• [EXERCISE INSTRUCTIONS]:
Repeat the stretch of entries below from the line with "Длинные волнистые синтетические" through the line with "馬斯克表示,雖然自己確實(s". Include both ends and add nothing.

WORKING DATA Start Marker

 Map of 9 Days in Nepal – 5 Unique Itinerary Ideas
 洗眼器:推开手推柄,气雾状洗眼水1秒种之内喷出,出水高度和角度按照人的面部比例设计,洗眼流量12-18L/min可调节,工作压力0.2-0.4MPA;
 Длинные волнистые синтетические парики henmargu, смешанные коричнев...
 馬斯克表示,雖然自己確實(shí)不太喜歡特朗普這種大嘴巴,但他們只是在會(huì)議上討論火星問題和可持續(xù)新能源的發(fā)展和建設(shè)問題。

WORKING DATA End Marker
WORKING DATA Start Marker

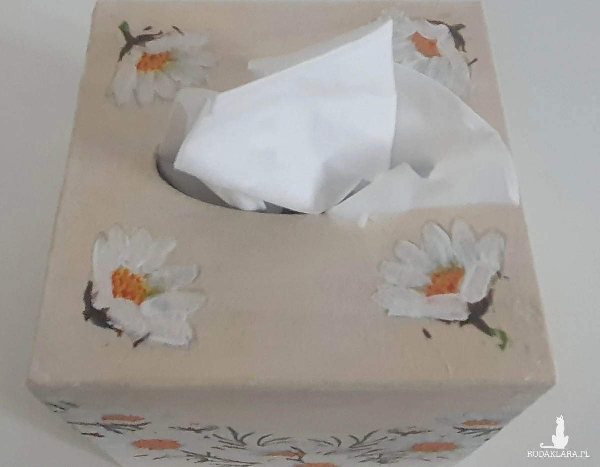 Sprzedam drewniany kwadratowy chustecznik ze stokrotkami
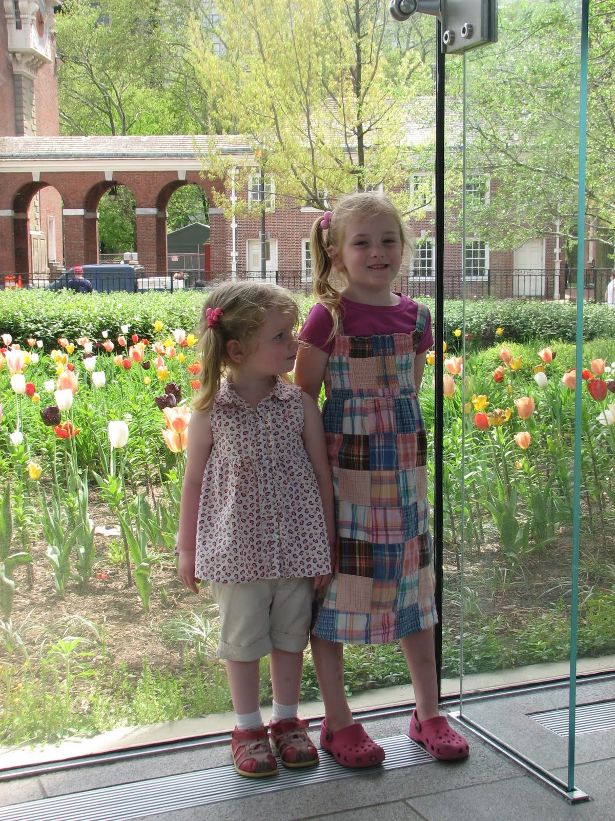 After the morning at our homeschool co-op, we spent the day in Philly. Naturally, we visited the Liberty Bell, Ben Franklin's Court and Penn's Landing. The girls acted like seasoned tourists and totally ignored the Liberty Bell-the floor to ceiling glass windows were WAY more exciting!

WORKING DATA End Marker
WORKING DATA Start Marker

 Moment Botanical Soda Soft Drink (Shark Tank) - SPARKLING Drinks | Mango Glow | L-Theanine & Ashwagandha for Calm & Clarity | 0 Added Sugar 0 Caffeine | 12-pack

WORKING DATA End Marker

• [ANSWER TO THIS PROBLEM]:
 Длинные волнистые синтетические парики henmargu, смешанные коричнев...
 馬斯克表示,雖然自己確實(shí)不太喜歡特朗普這種大嘴巴,但他們只是在會(huì)議上討論火星問題和可持續(xù)新能源的發(fā)展和建設(shè)問題。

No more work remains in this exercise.